We're finishing up Garden Wildlife Week and marking World Environment Day today by looking at the insect specimens in our natural sciences collections. Insects are an essential part of our ecosystem and with the specimens donated to Hampshire Cultural Trust, scientists and conservationists are able to study the natural world of the present day.
Stag beetle (Lucanus cervus)
The stag beetle is probably the most majestic and largest beetle we will see in our gardens in the United Kingdom, but it is also sadly one of the most endangered. It is not widely seen across the whole of the country, but can be seen in the south east, including Hampshire. It is named after the male’s antler-like appendages, which are actually over-developed jaws. The male is 35-75mm in length and the female slightly smaller at 30-50mm.
You are most likely to see stag beetles at dusk during the summer when the males fly to find a mate. During the day they spend their time sunning themselves to conserve energy. The stag beetle spends three to seven years of its life in the ground as a larva. Even after they have changed into an adult, they still spend the winter underground before emerging around mid-May. The adult has a short existence and by August they will be dead, having reproduced and the females laid her eggs. While the larvae will eat rotting wood, the adult beetle cannot eat solid foods, although it can use its feathery tongue to drink sap and juice from fallen fruits.

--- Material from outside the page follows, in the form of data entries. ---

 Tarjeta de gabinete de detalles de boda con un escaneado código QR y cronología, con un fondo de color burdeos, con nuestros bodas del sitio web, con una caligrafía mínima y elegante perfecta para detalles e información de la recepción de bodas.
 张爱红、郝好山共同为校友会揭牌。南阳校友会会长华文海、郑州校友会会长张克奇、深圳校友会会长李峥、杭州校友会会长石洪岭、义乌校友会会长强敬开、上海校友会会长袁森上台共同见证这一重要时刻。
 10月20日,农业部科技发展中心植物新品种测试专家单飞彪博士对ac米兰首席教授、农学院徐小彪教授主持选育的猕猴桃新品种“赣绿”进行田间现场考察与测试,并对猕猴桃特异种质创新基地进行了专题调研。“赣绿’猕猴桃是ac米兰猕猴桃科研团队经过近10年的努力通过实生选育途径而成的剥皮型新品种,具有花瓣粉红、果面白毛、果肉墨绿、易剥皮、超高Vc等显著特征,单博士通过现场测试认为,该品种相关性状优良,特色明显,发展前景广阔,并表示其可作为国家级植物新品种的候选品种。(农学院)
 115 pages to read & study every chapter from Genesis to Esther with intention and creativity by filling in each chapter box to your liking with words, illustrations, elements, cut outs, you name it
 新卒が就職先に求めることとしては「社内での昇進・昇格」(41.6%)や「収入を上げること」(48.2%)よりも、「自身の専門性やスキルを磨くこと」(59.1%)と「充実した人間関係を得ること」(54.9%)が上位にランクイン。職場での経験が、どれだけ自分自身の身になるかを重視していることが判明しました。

Rose chafer (Cetonia aurata)
The rose chafer can be distinguished by its metallic green body that shimmers in the light. Its natural habitat is grassland and along woodland edges and, as its name suggests, it does like roses! For this reason it is considered a pest by gardeners, as it will munch through rose flowers, particularly dog roses. The first few years of the rose chafer’s life are spent as a larva, eating decomposing vegetation, and although they pupate in the autumn, it is not until spring time that the adult beetle emerges from the ground. They can be spotted during the summer and autumn, feeding on flowers in the sunny weather.
The rose chafer is quite common and can be seen across most of the United Kingdom. Another much rarer beetle that is very similar to the rose chafer is the noble chafer. The noble chafer is far rarer and is considered at risk due to the loss of orchards which are its habitat. One of the places it has been recorded is the New Forest.